On appeal, Plaintiff acknowledged it was unable to do so.
Plaintiff’s claim is predicated on two assertions: (1) the six year statute of limitations for a written contract is the appropriate limitations period for a credit card debt; or (2) even if the three year statute re open accounts were to be applied, Plaintiff acted within the three year period provided the account closing date of October 31, 2009 is used. In contrast, Defendant claimed the cause of action accrued when the credit card bill was first unpaid and argued the parties had an open account. Our Arizona Supreme Court defined open accounts in Krumtum v. Burton, 111 Ariz. 448, 450, 532 P.2d 510, 512 (1975) [citations omitted] as follows: An open account has been defined by this court: ‘Generally speaking, an open account is one where there are running or concurrent dealings between the parties, which are kept unclosed with the expectation of further transactions. * * *’
 
The Arizona Supreme Court continued:
“[T]he, statute of limitations begins to run on an open account from the date of the last item.”Krumtum v. Burton, id., 111 Ariz. at 450, 532 P.2d 513. This Court does not know the “date of the last item” and Defendant has not provided any factual basis for his contention that the account became delinquent prior to Feb. 25, 2009. Instead, Defendant predicated his assertion that the account became delinquent at some time prior to Feb. 25, 2009, on his “backward calculation” as discussed in Defendant’s Motion For Leave To Amend Answer & Affirmative Defenses.
 
Statutes of limitations are enacted to relieve defendants from the litigation of stale claims. Musgrove, 144 Ariz. at 171, 696 P.2d at 723. Plaintiff’s position that the statute did not begin to run until its predecessor closed the account, if taken to a logical extreme, could effectively prolong debt beyond the legislatively determined period for bringing an action as banks and credit card companies could delay closing accounts in order to prolong the limitations period. Plaintiff has the burden of establishing when Defendant made his last payment on the account and not just the date when the bank decided to close the account. Plaintiff had—or should have had—the opportunity to obtain the underlying statements on which it bases its claim. If Plaintiff failed to do so, that is not Defendant’s fault.
 
Partial payments will not avoid the statute of limitations. As the Arizona Court of Appeals stated:
Although our Supreme Court has made no definitive pronouncement on the question, it appears to us that under Arizona law part payment does not, in itself, avoid the bar of A.R.S. s 12-548.
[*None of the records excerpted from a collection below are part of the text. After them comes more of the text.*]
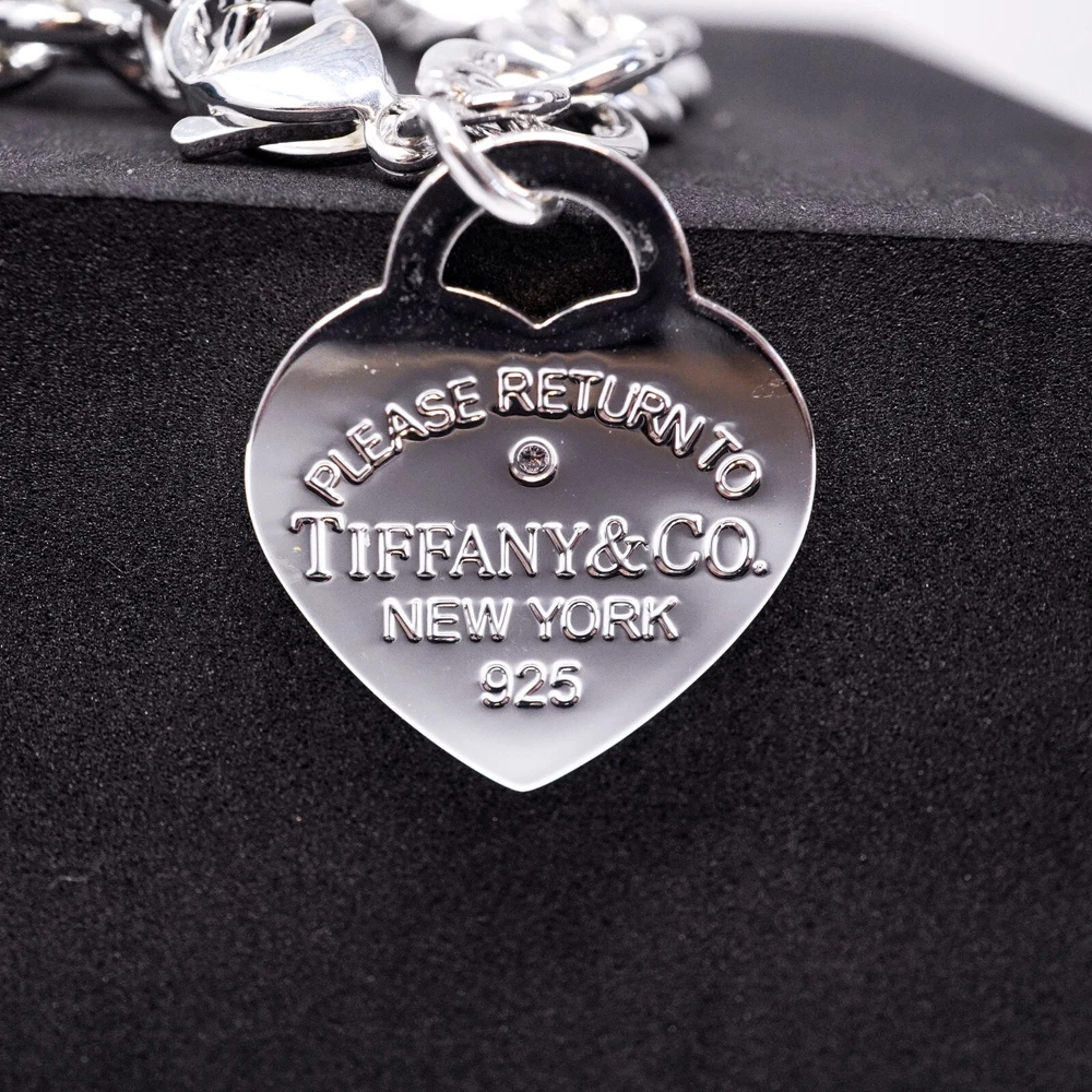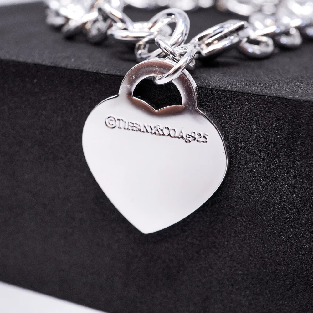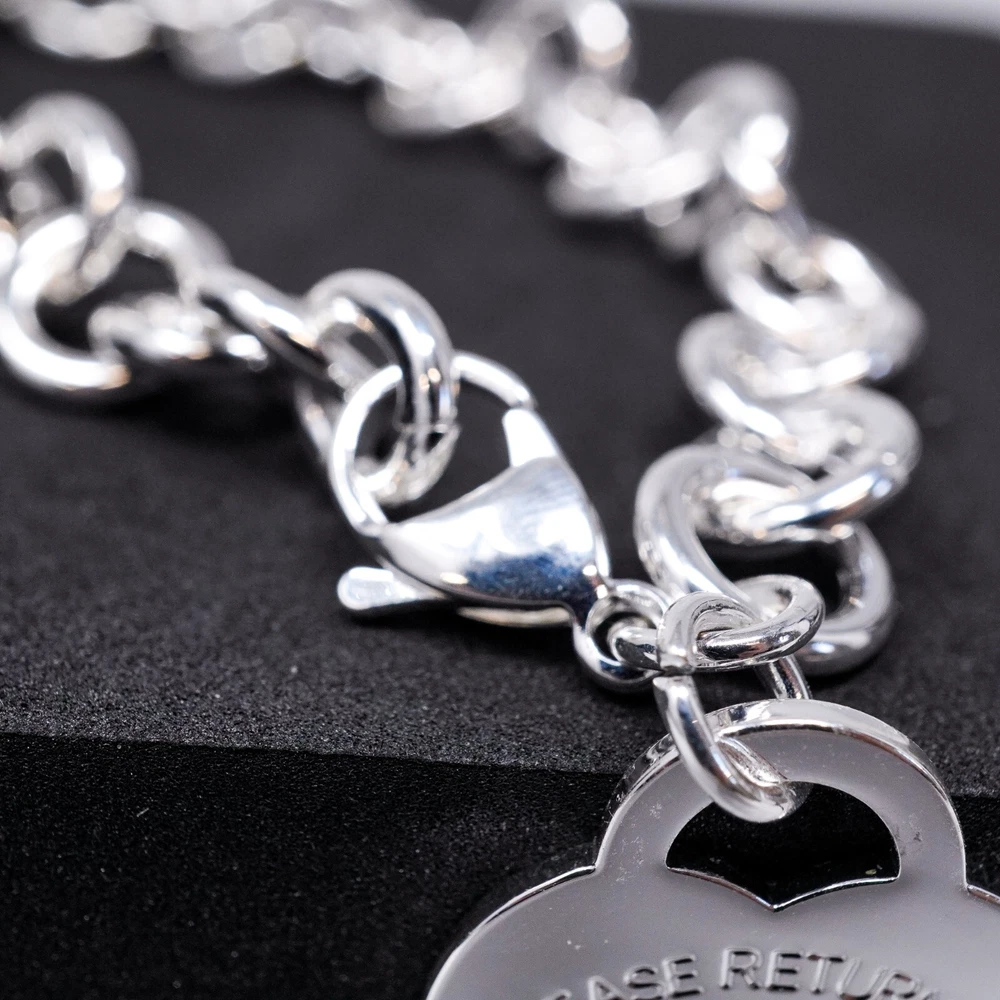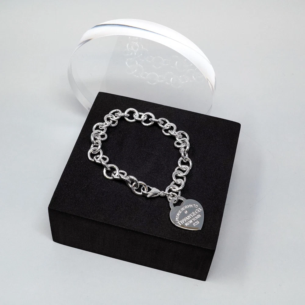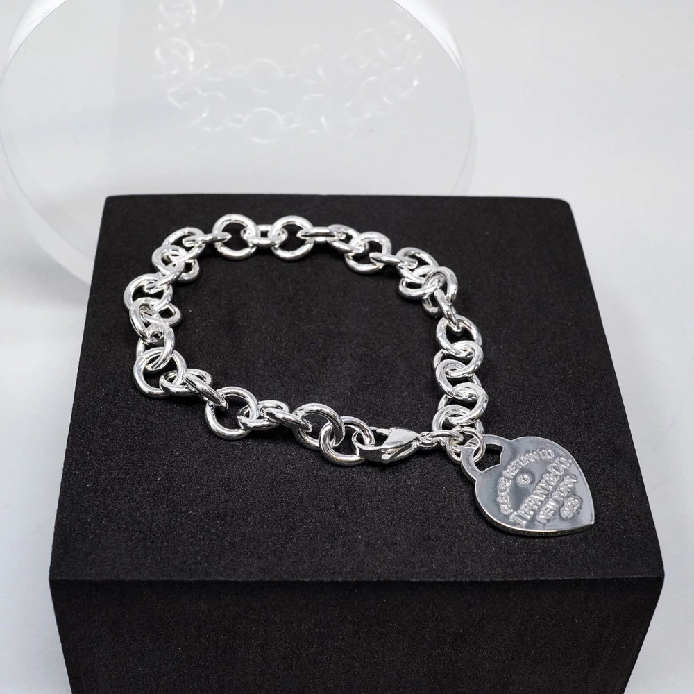 Tiffany & Co. 925 Silver Heart Tag Bracelet 20cm With Gift Box Set
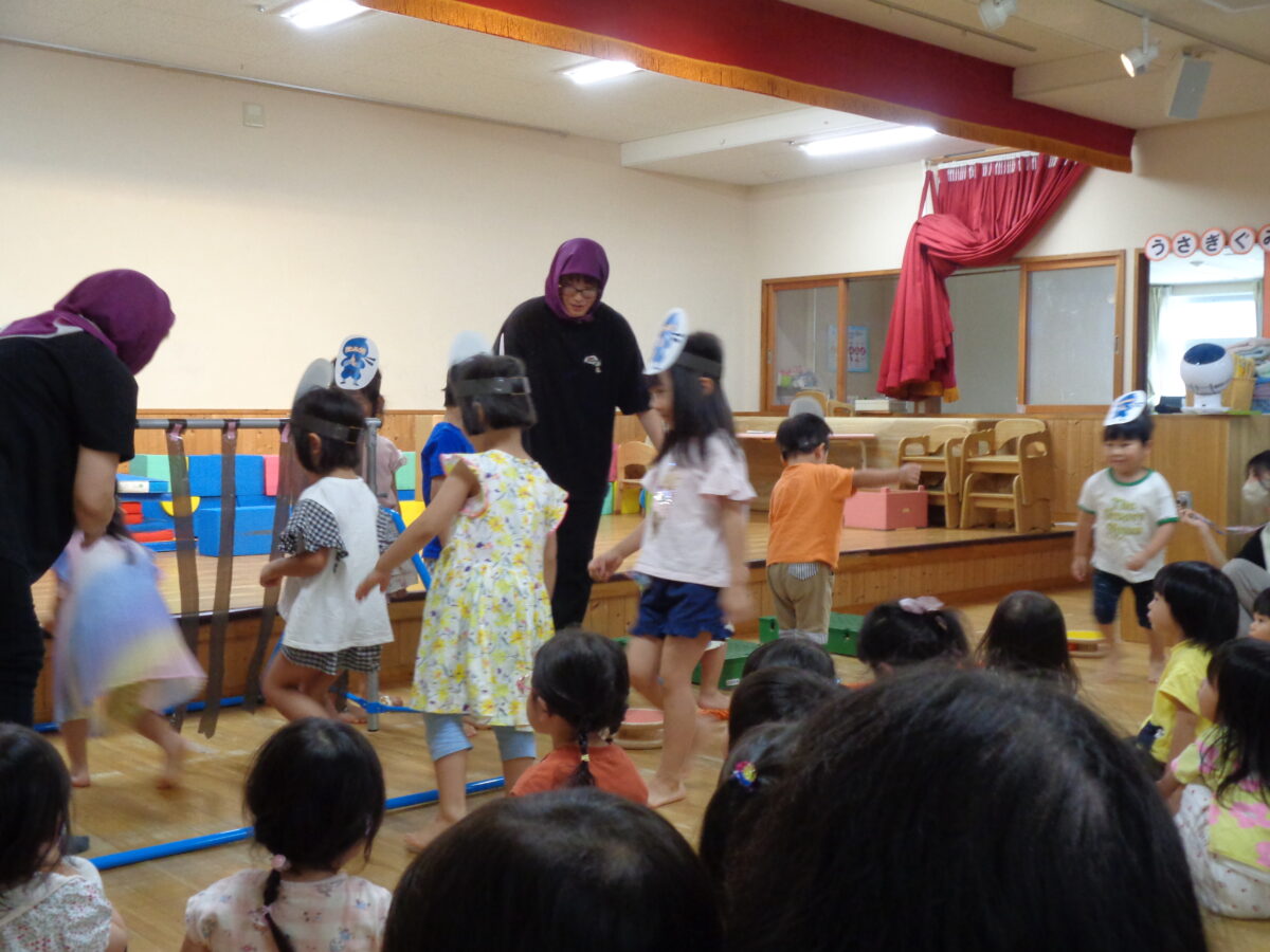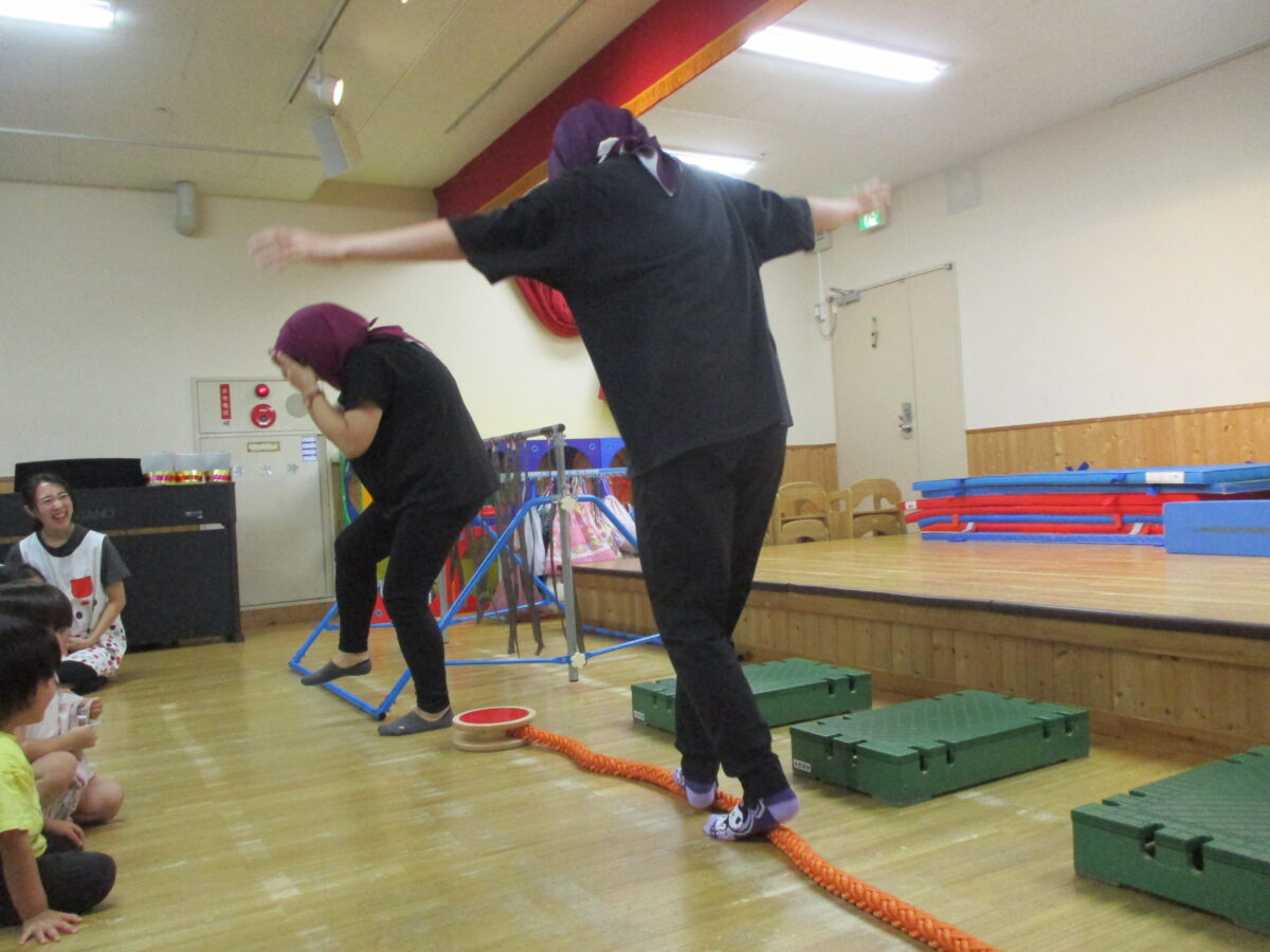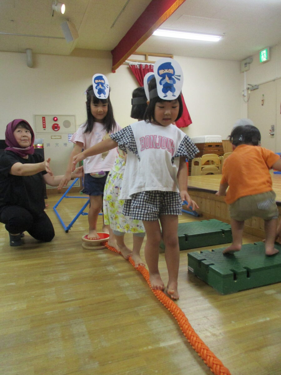 しかし、修行は厳しく、2人の忍者さんたちだけでは、この園の平和を守り切れない…。そこで!!忍者のお面を被ったお誕生日のお友達も修行に挑戦してもらうことに!!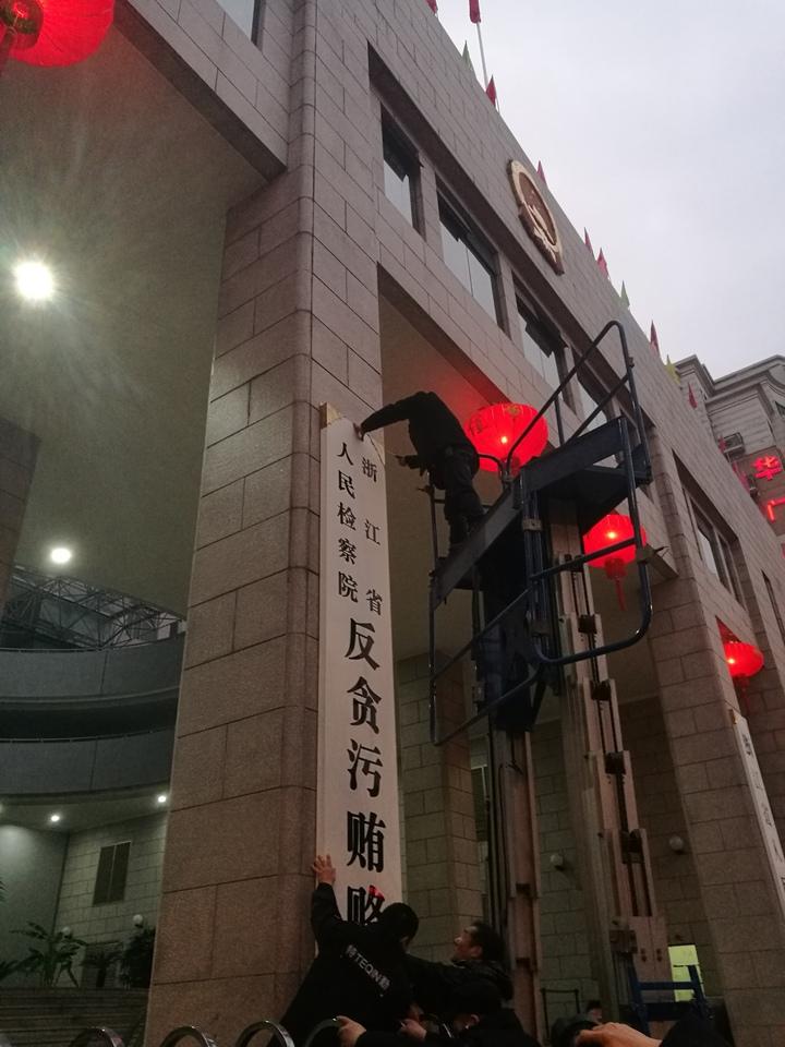 浙江在線2月4日訊(浙江在線記者 翁浩浩 金春華 李攀)2月4日一大早,不少經(jīng)過(guò)浙江省檢察院門(mén)口的市民群眾發(fā)現(xiàn),原本掛在大門(mén)口的“反貪污賄賂局”和“反瀆職侵權(quán)局”兩塊牌子已經(jīng)被摘去。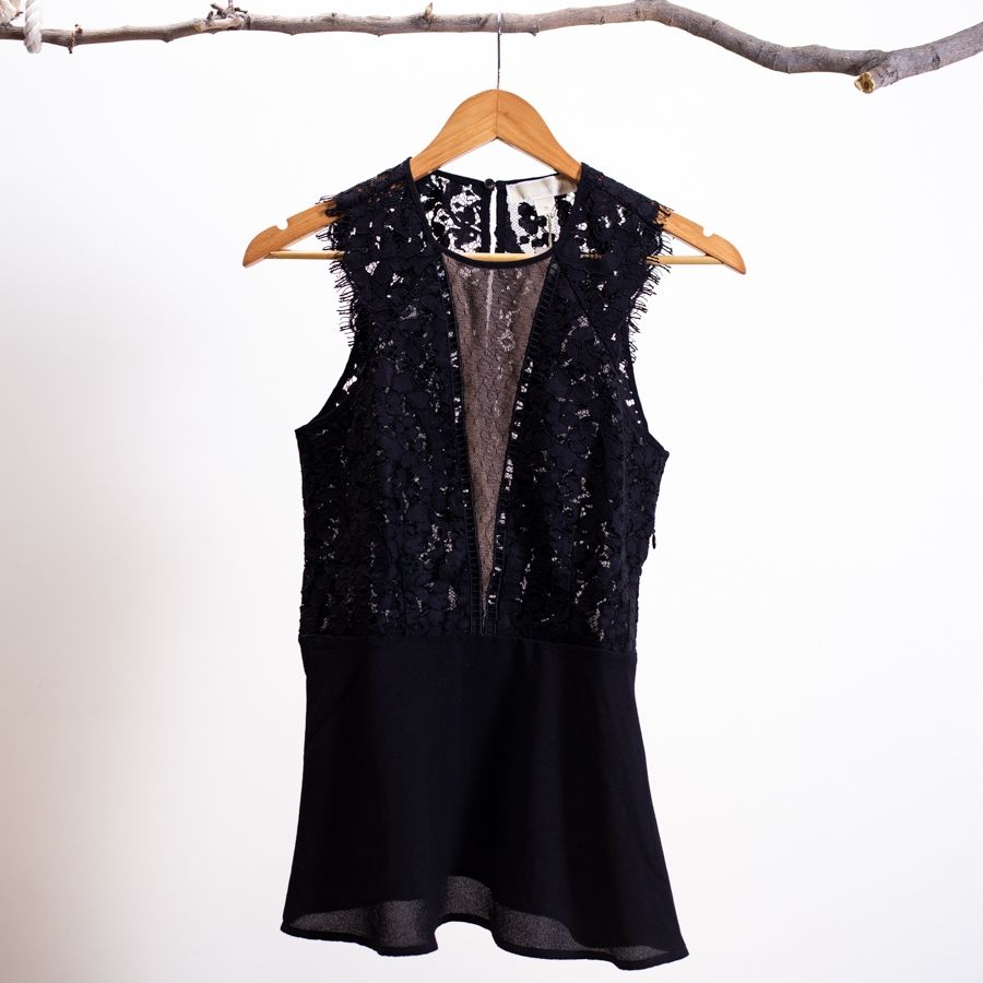 Ahora que estamos en verano y tenemos varios eventos o fechas importantes como bodas, lo mejor es que elijamos prendas simples y que podamos usar varias veces cambiando accesorios o complementos. Por eso elegimos una falda negra con tul de encaje bordado y plisada junto a un top negro de corte peplum, escote profundo y cuerpo de encaje bordado. Así obtendrás dos piezas perfectas para cualquier ocasión.

Cheatham v. Sahuaro Collection Serv., Inc., 118 Ariz. 452, 454, 577 P.2d 738, 740 (Ct. App. 1978).
 
III. CONCLUSION. Based on the foregoing, this Court concludes the Dreamy Draw Justice Court erred in granting Plaintiff summary judgment.
 
IT IS THEREFORE ORDERED reversing the judgment of the Dreamy Draw Justice Court.
 
IT IS FURTHER ORDERED remanding this matter to the Dreamy Draw Justice Court for all further appropriate proceedings.
 
IT IS FURTHER ORDERED signing this minute entry as a formal Order of the Court.